:: Task goal ::
The task for the listing below is to write out exactly the lines starting at the one containing "부동산 시장의 경우 주택매매가격이" and ending at the one containing "Taşlı Yelek Beyaz", both included. Pictures are to be omitted.

:: Supplied material ::
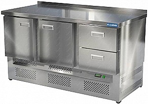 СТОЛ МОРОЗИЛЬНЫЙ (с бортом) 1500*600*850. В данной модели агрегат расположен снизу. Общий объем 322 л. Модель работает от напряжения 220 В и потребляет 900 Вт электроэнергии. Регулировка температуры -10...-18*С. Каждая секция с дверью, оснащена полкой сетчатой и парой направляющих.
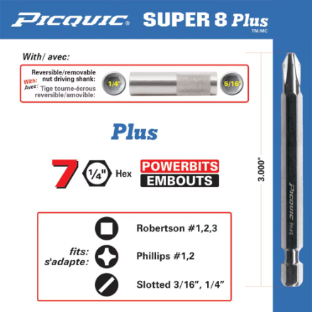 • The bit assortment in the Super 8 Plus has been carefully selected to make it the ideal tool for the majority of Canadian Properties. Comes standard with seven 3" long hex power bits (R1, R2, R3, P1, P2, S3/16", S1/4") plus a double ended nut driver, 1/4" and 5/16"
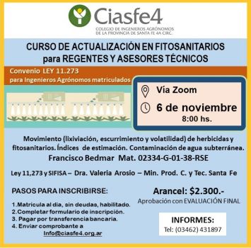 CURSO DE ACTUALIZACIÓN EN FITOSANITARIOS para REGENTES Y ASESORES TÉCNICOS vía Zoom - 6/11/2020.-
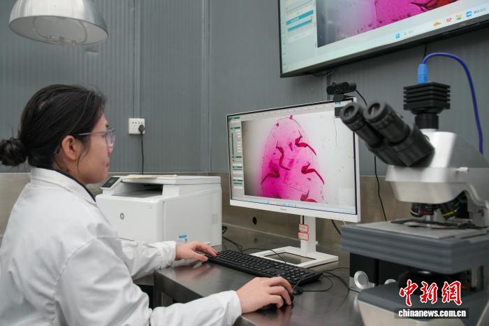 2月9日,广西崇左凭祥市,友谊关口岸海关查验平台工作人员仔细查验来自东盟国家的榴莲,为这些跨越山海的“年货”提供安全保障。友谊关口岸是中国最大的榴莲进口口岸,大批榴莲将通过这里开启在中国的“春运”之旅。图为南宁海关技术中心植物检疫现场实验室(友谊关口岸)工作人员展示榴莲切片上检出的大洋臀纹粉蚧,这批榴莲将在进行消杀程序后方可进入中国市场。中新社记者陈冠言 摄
==
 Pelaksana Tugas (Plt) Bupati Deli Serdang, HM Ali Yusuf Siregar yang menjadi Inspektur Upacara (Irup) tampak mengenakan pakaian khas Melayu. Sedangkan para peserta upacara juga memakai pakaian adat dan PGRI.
--
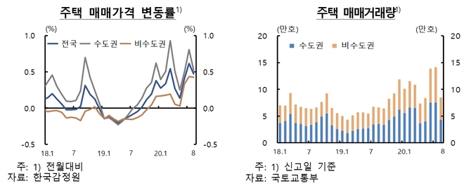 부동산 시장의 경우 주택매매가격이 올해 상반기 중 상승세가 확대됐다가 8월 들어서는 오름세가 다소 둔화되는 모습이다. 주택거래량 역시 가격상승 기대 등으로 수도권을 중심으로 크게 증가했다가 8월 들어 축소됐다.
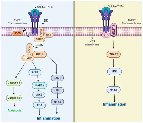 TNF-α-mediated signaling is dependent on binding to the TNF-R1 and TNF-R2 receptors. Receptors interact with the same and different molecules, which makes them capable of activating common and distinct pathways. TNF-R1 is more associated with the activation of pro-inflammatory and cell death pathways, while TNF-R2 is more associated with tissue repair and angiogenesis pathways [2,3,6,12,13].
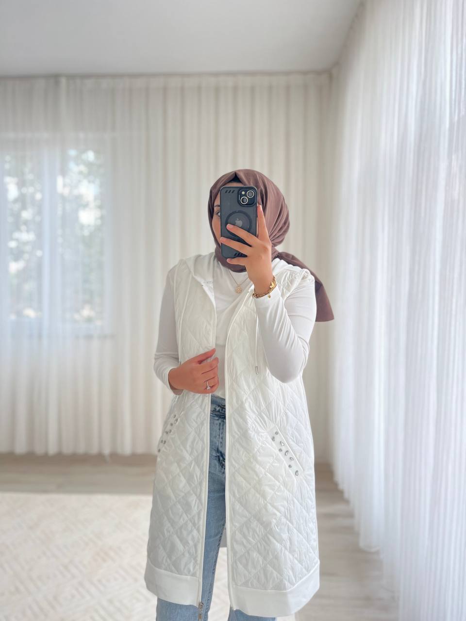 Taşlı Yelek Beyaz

:: Written reply ::
 부동산 시장의 경우 주택매매가격이 올해 상반기 중 상승세가 확대됐다가 8월 들어서는 오름세가 다소 둔화되는 모습이다. 주택거래량 역시 가격상승 기대 등으로 수도권을 중심으로 크게 증가했다가 8월 들어 축소됐다.
 TNF-α-mediated signaling is dependent on binding to the TNF-R1 and TNF-R2 receptors. Receptors interact with the same and different molecules, which makes them capable of activating common and distinct pathways. TNF-R1 is more associated with the activation of pro-inflammatory and cell death pathways, while TNF-R2 is more associated with tissue repair and angiogenesis pathways [2,3,6,12,13].
 Taşlı Yelek Beyaz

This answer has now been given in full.